Process Expert, Endotoxin Testing (Biotech)
Today, Lonza is a global leader in life sciences operating across five continents. While we work in science, there's no magic formula to how we do it. Our greatest scientific solution is talented people working together, devising ideas that help businesses to help people. In exchange, we let our people own their careers. Their ideas, big and small, genuinely improve the world. And that's the kind of work we want to be part of.
Lonza Walkersville is seeking a Process Expert – Endotoxin Testing to join our Manufacturing team. This highly visible role will serve as a technical leader in aseptic manufacturing operations, specifically supporting endotoxin testing processes. The ideal candidate will bring deep scientific expertise, hands-on shopfloor experience, and a proactive, problem-solving approach to drive process optimization, support GMP compliance, and enhance operational performance. This is an exciting opportunity to contribute to a dynamic team committed to delivering high-quality biologics while upholding the highest safety and compliance standards.
Key Responsibilities:
Technical Operations & Oversight: Operate and oversee aseptic isolator vial fill lines for various product types and vial sizes, ensuring efficient and compliant production.
Project Leadership: Lead cross-functional teams on sophisticated technical projects, applying knowledge to meet manufacturing goals.
Process Development & Validation: Support validation activities including FAT, SAT, PQ, SOP creation, and recipe development; drive key milestones for growth initiatives.
Troubleshooting & Optimization: Complete process improvements, troubleshoot equipment and manufacturing issues, and provide shopfloor support alongside operators and SMEs.

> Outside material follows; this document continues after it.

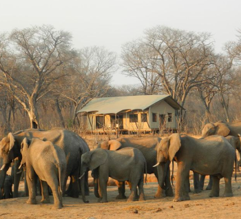 The herd of elephants were visiting a camp in Hwange National Park in Zimbabwe.

Deviation & Complaint Management: Lead investigations into process deviations and customer complaints; analyze data to identify root causes and implement effective CAPAs.
Audit Readiness & Compliance: Maintain GMP compliance and inspection readiness; support both internal and external audits.
Training & Knowledge Transfer: Develop and deliver process and product training to support onboarding and continuous learning within manufacturing.
Continuous Improvement: Drive innovation and continuous process improvements by leveraging technical knowledge and creative problem-solving.
Cross-Functional Collaboration: Serve as a manufacturing representative in sub-teams to ensure alignment and operational readiness for process or equipment changes.
Budget & Safety Support: Contribute to efficient process optimization while ensuring all operations are conducted in a safe, compliant manner.
Key Requirements:
Bachelor's degree in a scientific or technical field or equivalent experience.
At least 5 years of experience in sterile GMP manufacturing, with hands-on exposure to automated isolator fill line technology.
Confirmed ability to troubleshoot and optimize manufacturing processes.
Deep understanding of GMP regulations, SOP execution, and quality systems.
Comfortable analyzing data using scientific and statistical tools.
Excellent collaboration skills with cross-functional teams.
Effective written and verbal communication skills; able to deliver training and interface with team members at all levels.
Familiarity with SAP, MES or equivalent experience, and other digital manufacturing tools is a plus.
Demonstrated ability to manage multiple projects and priorities in a fast-paced environment.
Self-motivated, organized, and diligent to detail.
We recognize that attracting, developing and retaining the best talent is key to our strategy and success as a company. As a result, we aim for flexibility in structuring competitive compensation offers to ensure that we are able to attract the best candidates. As required by law in this state, the quoted salary range for this on-site position is $74,000.00 – $118,000.00. We use broad salary ranges that reflect the competitive market for similar jobs, provide sufficient opportunity for growth as you gain experience and expand responsibilities; while also allowing for differentiation on performance based on the breadth of our ranges, most new hires will start at the company between the lower and the middle part of the applicable range. We tailor our offers within the range based on job-related factors, including organizational needs, internal equity, market data, geographic area and the selected candidate's experience, education, industry knowledge, location, technical and/or communication skills and other factors that may prove relevant during the selection process. This range is only inclusive of base salary, and base pay is just one component of Lonza's total compensation package for employees. Full-time employees are eligible to receive a performance-related bonus, as well as a comprehensive benefits package including medical and dental coverage, 401k plan, life insurance, short-term and long-term disability insurance, an employee assistance program, paid time off (PTO), and more.
Every day, Lonza's products and services have a positive impact on millions of people. For us, this is not only a great privilege, but also a great responsibility. How we achieve our business results is just as important as the achievements themselves. At Lonza, we respect and protect our people and our environment. Any success we achieve is no success at all if not achieved ethically.
People come to Lonza for the challenge and creativity of solving complex problems and developing new ideas in life sciences. In return, we offer the satisfaction that comes with improving lives all around the world. The satisfaction that comes with making a meaningful difference.
Lonza is an equal opportunity employer. All qualified applicants will receive consideration for employment without regard to race, religion, color, national origin, sex, sexual orientation, gender identity, age, status as a qualified individual with disability, protected veteran status, or any other characteristic protected by law.